- Born: 29 September 2003 (age 22) Bruges, Belgium
- Height: 162 cm (5 ft 4 in)

Gymnastics career
- Discipline: Women's artistic gymnastics
- Country represented: Belgium
- Club: Turnclub Varsenare
- Head coaches: Marjorie Heuls, Yves Kieffer

= Margaux Daveloose =

Belgian artistic gymnast

Margaux Daveloose (born 29 September 2003) is a Belgian former artistic gymnast. She competed at the 2019 World Championships.

== Personal life ==
Margaux Daveloose was born on 29 September 2003, in Bruges. She was named the 2018 Sportswoman of the Year by the Association of Sports Journalists in Bruges, and she received the 2019 Female Youth Trophy from the Bruges Sports Council. She speaks Dutch and English. She looks up to fellow Belgian national team member Nina Derwael.

== Gymnastics career ==
Daveloose competed at the 2017 European Youth Summer Olympic Festival where she finished 12th in the all-around final with a score of 50.000. At the 2018 European Junior Championships, the Belgian team finished 6th, and Daveloose finished 10th in the all-around with a score of 51.000.

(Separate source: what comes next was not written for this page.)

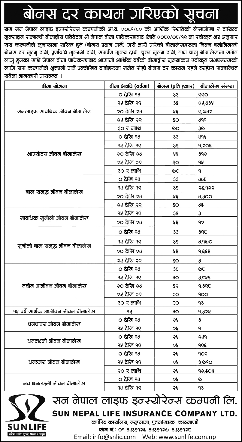 सन नेपाल लाइफद्वारा नयाँ बोनसदर सार्वजनिक, बीमितले ८० रुपैयाँसम्म बोनस पाउने
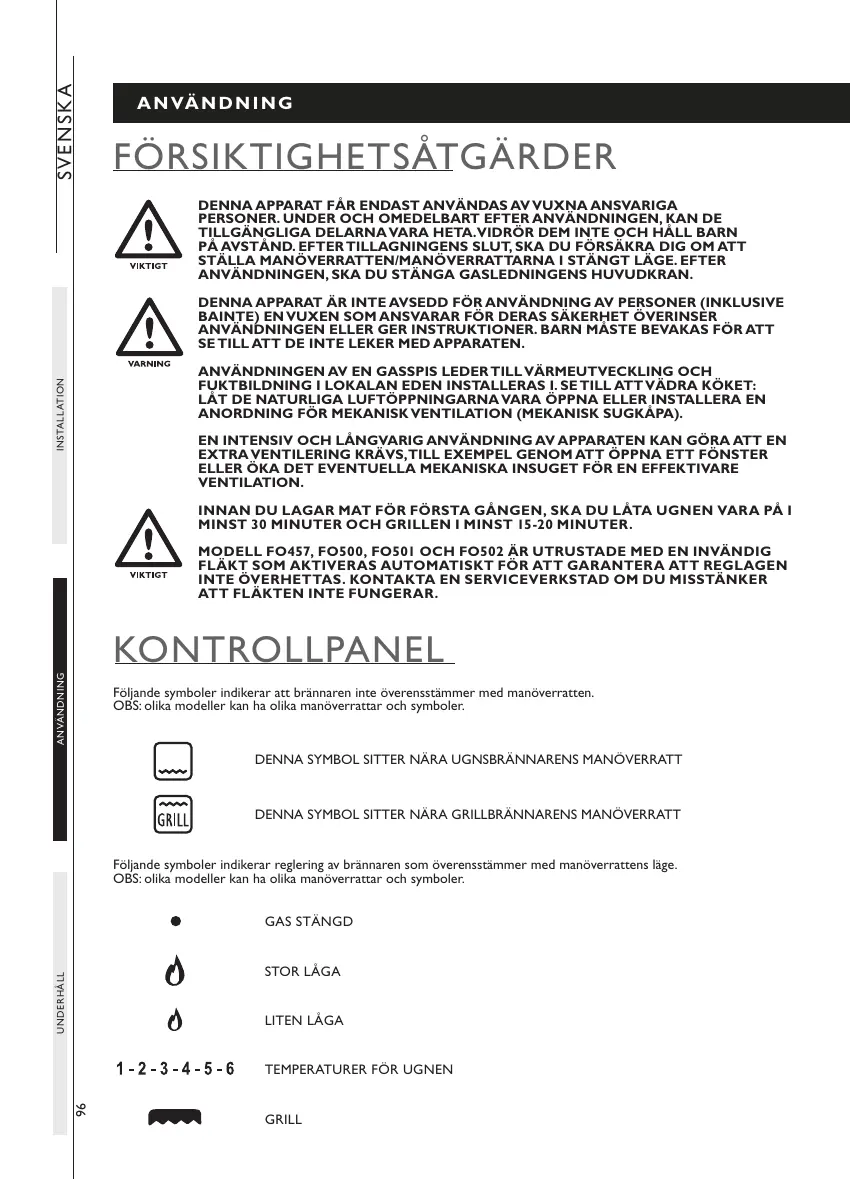 DENNA SYMBOL SITTER NÄRA GRILLBRÄNNARENS MANÖVERRATT

She competed at the 2019 World Championships along with Maellyse Brassart, Senna Deriks, Nina Derwael, and Jade Vansteenkiste. The team finished in 10th place and qualified for a team spot to the 2020 Olympic Games.

Daveloose was selected for Belgium's Olympic pre-selection team of thirteen gymnasts, six of whom were chosen for the 2020 Olympic team. At the 2021 Belgian Test Meet, she placed third in the all-around behind Noémie Louon and Nina Derwael. She was then selected for the team for the 2021 European Championships along with Derwael, Fien Enghels, and Lisa Vaelen.